The tau hypothesis. Several studies have demonstrated that tau hyperphosphorylation and NFT formation are early events in the development of AD. It was found that pTau cannot bind to the microtubules aggregates to NFTs after truncation of the polypeptide chains [76]. NFTs are toxic and shift APP processing to elevated Aβ production. Experiments demonstrated that pTau is a self-propagating protein with a prionoid character, spreading from cell to cell [77]. The tau (or tau-propagation) hypothesis proposes that pTau dissociates from the microtubules and aggregates to NFTs; this process precedes Aβ plaque formation and drives AD development. It was observed that tau pathology in the brain showed a good correlation with cognitive decline. Moreover, the formation of pTau proved to be the common pathway of different, altered molecular signals [70,78]. According to the tau hypothesis, pTau plays a central role in AD and is the diagnostic and therapeutic target of AD research. Indeed, a shift from the physiological to the pathological level of tau was observed in AD synapses [79].

Most attempts to develop Aβ-targeted drugs for treating AD ended in failure for many years. As a consequence, an inevitable discussion, or rather a debate, started, whether misfolded Aβ or tau amyloids are the culprits, upstream pathogenic causes for driving AD progress. The problems of the amyloid hypothesis in understanding the pathomechanism of LOAD led to a change in the target of drug research from Aβ to tau. However, the experiments with the GSK-3 enzyme inhibitors, such as tideglusib and anti-aggregating agents (methylene blue derivatives: Trx0014 and LMTM), resulted in controversial results, and, thus, did not support the tau hypothesis. As Aβ and tau have neuroprotective effects, it is possible that their overproduction is only a protective response to cellular stress and damage.

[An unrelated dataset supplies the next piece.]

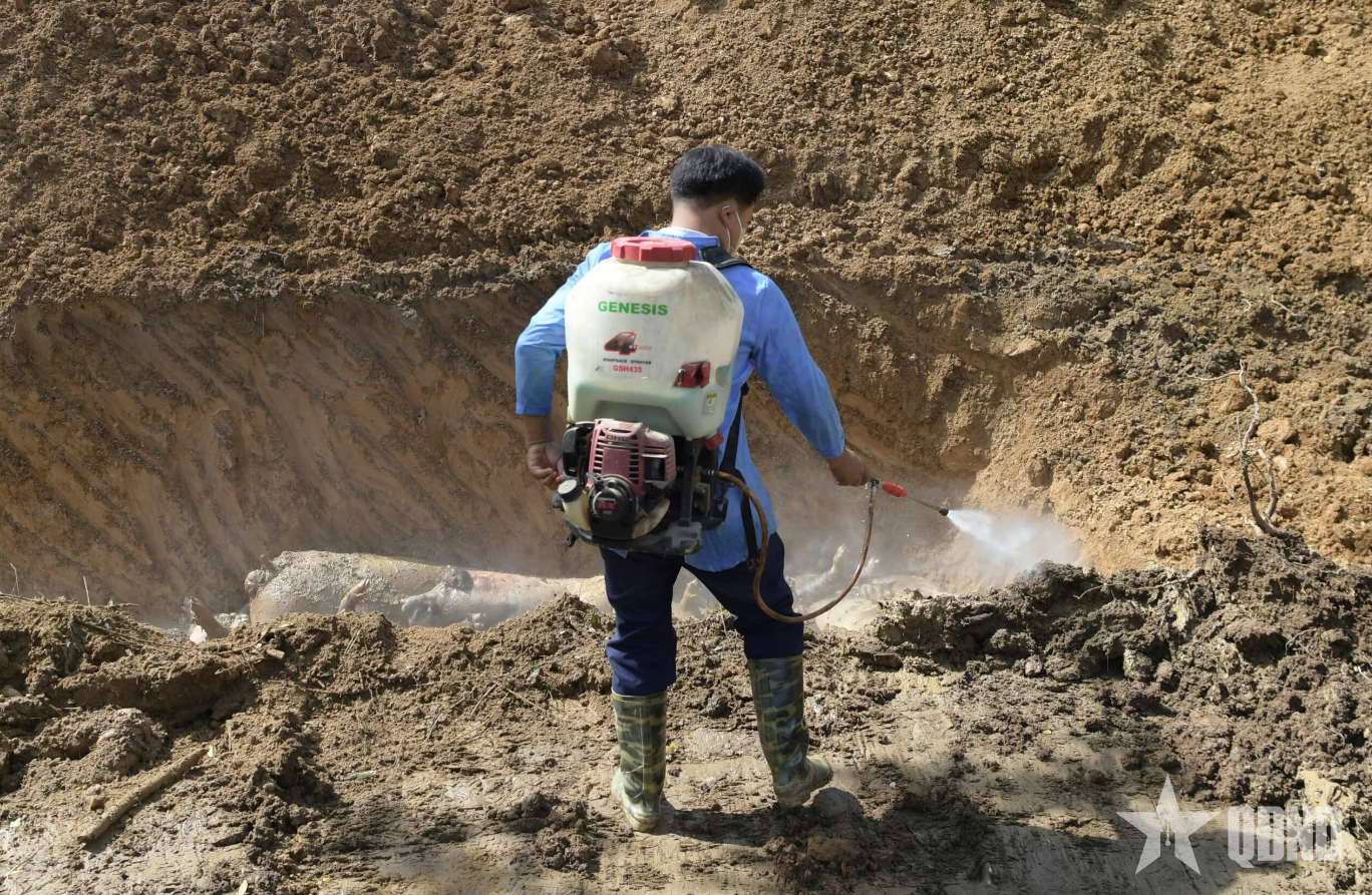 Lực lượng chức năng xã Yên Bình, tỉnh Lạng Sơn thu gom tiêu hủy xác động vật chết, rác thải và tiến hành phun khử khuẩn tại các điểm ô nhiễm nặng.

Several research groups tried to unify the two hypotheses [79,80,81]. The “dual pathway hypothesis” of Small and Duff tried to reconcile the two hypotheses. Other research groups “revitalized” the tau hypothesis and provided an integrative model of AD pathogenesis [82]. However, the debate has not ended yet.

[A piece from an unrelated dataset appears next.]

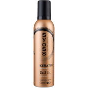 Pěnové tužidlo SYOSS Keratin 3v1 - styl, péče, ochrana. S vitamínovým komplexem, kombinací panthenolu a niacinamidu, pro zpevněnou strukturu vlasů. Hladké, poddajné a lesklé vlasy. Nelepivá fixace, bez viditelných zbytků, snadno se vyčesává.

The metal ion hypothesis connects the two main Alzheimer’s hypotheses. Several transition metal ions participate in physiological processes. They play important roles in the maintenance of brain functions and may regulate the development of AD [83]. Postmortem analysis of amyloid plaques demonstrated the accumulation of copper, iron, and zinc by 5.7, 2.8, and 3.1 times compared to the levels of normal brains, respectively [81]. Heavy metal ions can be bound to the His residues of Aβ (His6, His13, and His14) and to pTau [84]. Metal ion imbalance induces Aβ and tau pathologies [85]. Zinc, copper, and iron ions enhance the production of Aβ and subsequently bind to Aβ and tau, promoting their aggregation. The misbalance of these metal ions is connected to the main factors of the pathogenesis of AD (oxidative stress, protein aggregation, mitochondrial dysfunction, energy deficiency, and neuroinflammation) [86]. Accumulation of iron and copper ions can promote cell death by ferroptosis or cuprostosis [87]. Therefore, metal ion chelators as therapeutic agents have been used for treating AD (Section 3). Metal ion chelators are also potential drug candidates for modulating neuroinflammation in AD.

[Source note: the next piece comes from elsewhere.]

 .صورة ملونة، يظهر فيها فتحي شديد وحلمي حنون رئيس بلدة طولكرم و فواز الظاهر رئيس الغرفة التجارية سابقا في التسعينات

In addition to the above processes, many other factors can affect the occurrence of AD. The results of novel experiments with rhesus monkeys connect the tau and glutamatergic dysregulation hypothesis [88]. Accordingly, vulnerable glutamatergic neurons are responsible for Ca2+-dysregulation, and this event induces the formation of pTau and NFTs. As a consequence, tau pathology might be the key initiating factor for LOAD and suggests that future AD drugs should reduce tau pathology.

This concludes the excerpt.